A US federal judge has ruled that President Donald Trump cannot block a prosecutor’s subpoena for eight years of his tax returns.
In a 103-page decision on Thursday, US District Judge Victor Marrero cleared the way for Manhattan District Attorney Cyrus Vance to get Trump’s tax returns.
The ruling rejected a last-ditch attempt by the president’s lawyers to challenge the subpoena issued to his accounting firm Mazars USA.
The lawyers argued that the subpoena was issued in bad faith, adding it might have been politically motivated and that it amounted to harassment of the president.
Marrero said that allowing Trump to block the subpoena issued last August would amount to an “undue expansion” of presidential immunity.
“Justice requires an end to this controversy,” Marrero wrote.
Trump immediately appealed the ruling and filed an emergency motion to delay turning over his tax returns.

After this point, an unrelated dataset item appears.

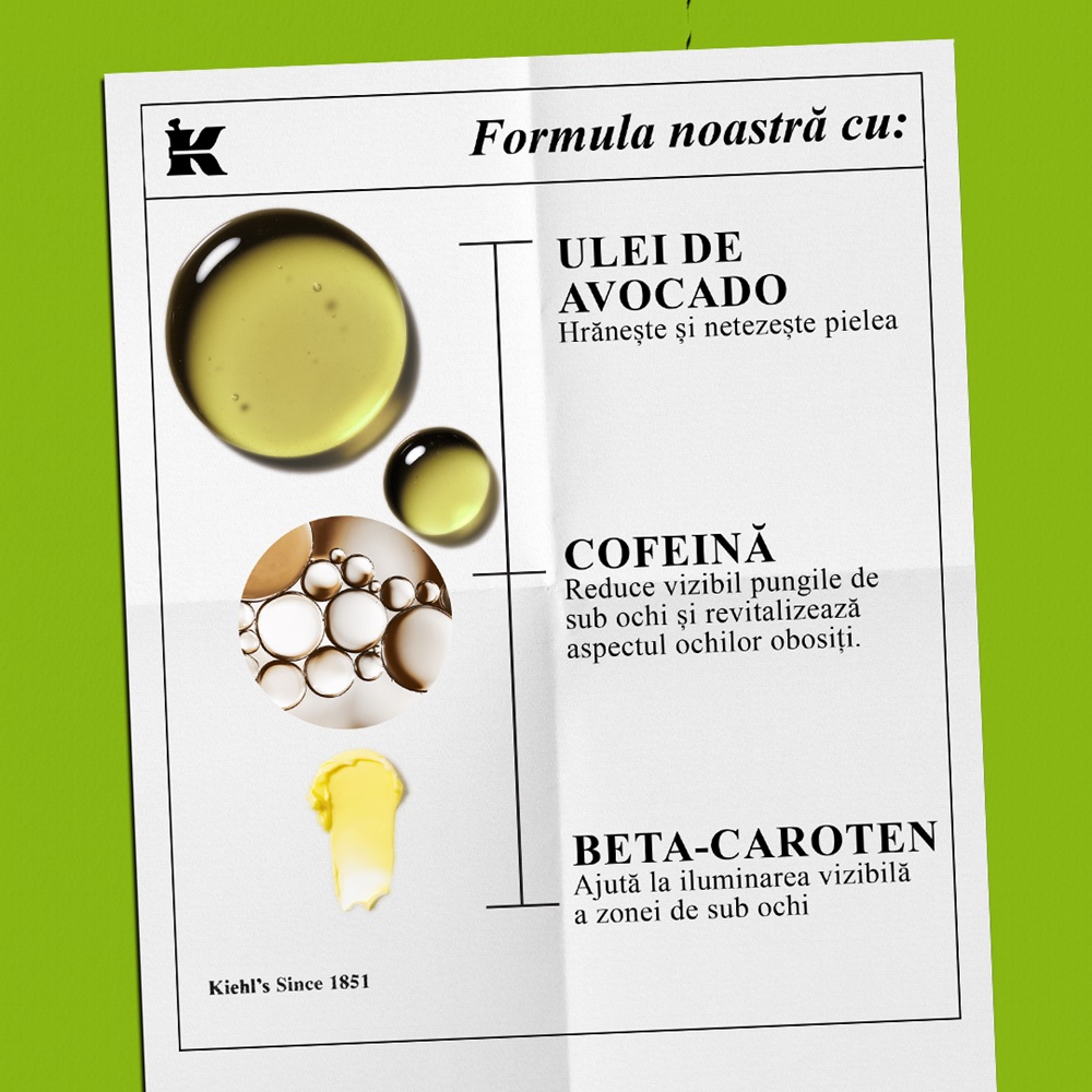 Crema hidratantă de ochi cu Avocado de la Kiehl's este o sursă intensă de hidratare pentru zona delicată din jurul ochilor. Formula acesteia, îmbogățită cu Ulei de Avocado, Unt de Shea și Beta-Caroten, oferă hidratare profundă și durabilă. Este potrivită pentru toate tipurile de piele, inclusiv pentru cea sensibilă.

He claimed that enforcing the subpoena could cause him irreversible harm by revealing his “private, confidential information.”
He told reporters at the White House that the case would be returned to the Supreme Court, which had rejected his earlier assertion that he, as president, was immune from state criminal probes.

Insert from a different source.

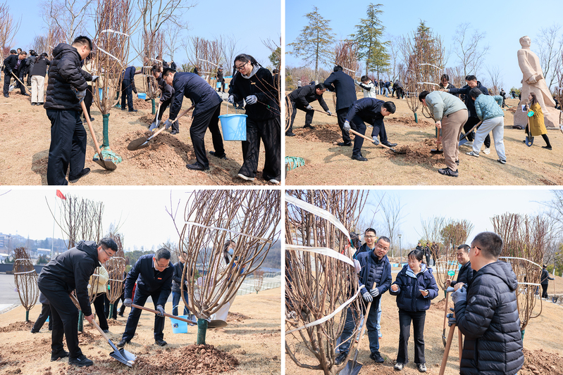 随后,全体人员来到植树现场,迅速投入到植树劳动中。大家分工协作、默契配合,挥锹培土、扶苗正干、围堰浇水,每一个动作都认真细致、一丝不苟。春日暖阳下,身影忙碌而有序,欢声笑语间,一棵棵充满生机的树苗迎风挺立,为行知园增添了一抹抹鲜活的新绿,也寄托着校地共建、共育新人的美好愿景。参与人员纷纷表示,亲手栽下的不仅是一株株树苗,更是对教育事业的赤诚坚守、对行知精神的传承延续,以及对校地同心、共促发展的殷切期盼。

Meanwhile, the Supreme Court said Trump could still try to block the subpoena on other grounds. Marrero had also ruled last October that Vance, a Democrat, could enforce the subpoena.
“This is a continuation of the most disgusting witch hunt in the history of our country,” Trump told reporters. “This is the ultimate fishing expedition.”

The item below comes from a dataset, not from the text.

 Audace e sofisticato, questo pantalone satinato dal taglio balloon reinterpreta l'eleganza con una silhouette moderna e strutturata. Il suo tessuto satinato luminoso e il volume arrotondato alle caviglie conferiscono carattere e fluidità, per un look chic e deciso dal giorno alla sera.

Trump’s lawyers argued the request for tax records, which dates back to 2011, was retaliatory after the president’s company, the Trump Organization, challenged the scope of a subpoena demanding records from 1 June 2015, through 20 September 2018.
That time span relates to a probe pertaining to payoffs to two women, who allegedly had extramarital affairs with Trump, to keep them quiet about the affairs during the 2016 presidential campaign.